I wanted to observe the congestion window of a TCP flow so for that I have to nodes (using Linux namespaces) connected to each other through veth pairs and a bridge.

To limit bandwidth to 10mbps I use a htb qdisc in each interface with a queue length of 1000 packets.

Then I set an iperf session between them:

1) You can observe that the bit rate does adapt to the bandwidth the qdisc will shape for us.

2) However checking the pcap file and queues drop counters also see that there are never drops or as an effect retransmissions

If i start a second flow they both get a fair share of 5mbps.

What it is going on here? How is TCP adapting the flow size if there is the congestion control is not getting signals? Am I missing something ?

1 Answer 1


You are slowing the transmission inside each host, but you are not actually taking advantage of the TCP flow mechanisms because you are queuing packets instead of losing packets. What you are doing will work even with UDP, which has no flow control mechanism. Instead of queuing, you should use policing (drops) to slow the transmission, then you will see TCP react.
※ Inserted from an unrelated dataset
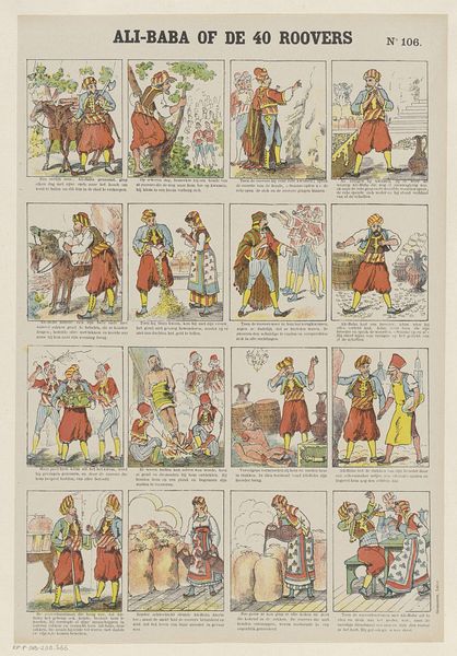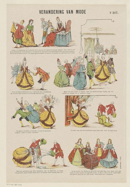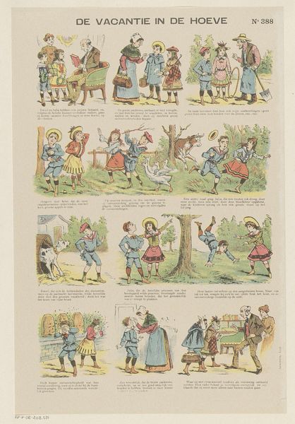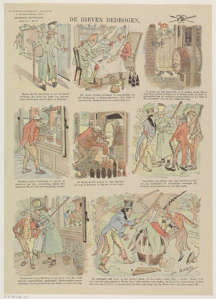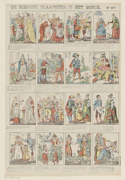 Demoulin & Co. Vignerot created this print called "Ezelsvel" – or "Donkeyskin" – using a chromolithographic process, as part of the Imagerie Artistique series in Paris. We see a sequence of images, likely depicting scenes from a fairy tale, and it's worth considering how the narrative structure of the artwork speaks to its broader social context. The fairy tale alludes to an incestuous father-daughter relationship, which touches on complex cultural anxieties around family, power and transgression. The visual codes used here, the clothing, the architecture, reference established artistic conventions for depicting royalty and peasants, and understanding these associations helps us interpret the print's commentary on social hierarchies. To fully grasp the artwork’s meaning, one might explore historical records of French publishing, folklore studies, and feminist interpretations of fairy tales. Such interdisciplinary research illuminates how seemingly simple images can reflect complex social and institutional dynamics.

Queuing and shaping are designed to try not to lose packets, but policing purposely drops packets. You could also try something like RED that randomly drops packets in a queue to keep a queue from filling. This will help prevent TCP global synchronization (a bad thing) by taking advantage of the TCP flow control.

If you really want to observe the TCP flow control in action, the do varying tests with different rates of policing.

  • Thanks for your answer Ron. However there is still something I don't understand. Inside the host I queue packets in the htb disc that has a length of 1000 packets, and TCP will increase the window all the time since there are no drops. So the socket will push more packets to the queue, the TCP flow should try to grow until it fills a queue, why is that not happening? In the case of UDP if I have two flows that push into the queue 20mbps and the output rate is 10mbps I will be dropping 5mbps from each flow each second (if the queue has fair queueing like sfq).
    – edgarstack
    Commented Jul 15, 2017 at 20:18
  • RED would drop packets when the queue reaches a threshold, why would RED get filled up to the threshold and my DropTailQueue is not getting full if at some point TCP should send more than the output interface at the host can handle.
    – edgarstack
    Commented Jul 15, 2017 at 20:42
  • You are doing this inside a single PC. Unfortunately, that is off-topic here. We can discuss TCP theory and what happens out on a real network, but technically your question is off-topic. We simply cannot get into the hows and whys of what is actually happening inside a host/server/VM OS. The Unix & Linux site would be more appropriate for that.
    – Ron Maupin
    Commented Jul 15, 2017 at 20:44
  • You are right. But still, I don't understand why TCP is not pushing until it fills Queues in the path to the destination.
    – edgarstack
    Commented Jul 15, 2017 at 20:50
  • It could be something in the OS recognizing that you have shaped to a slower speed, but we can't get into that here, which is why I suggested using policing instead. That will definitely get TCP's attention.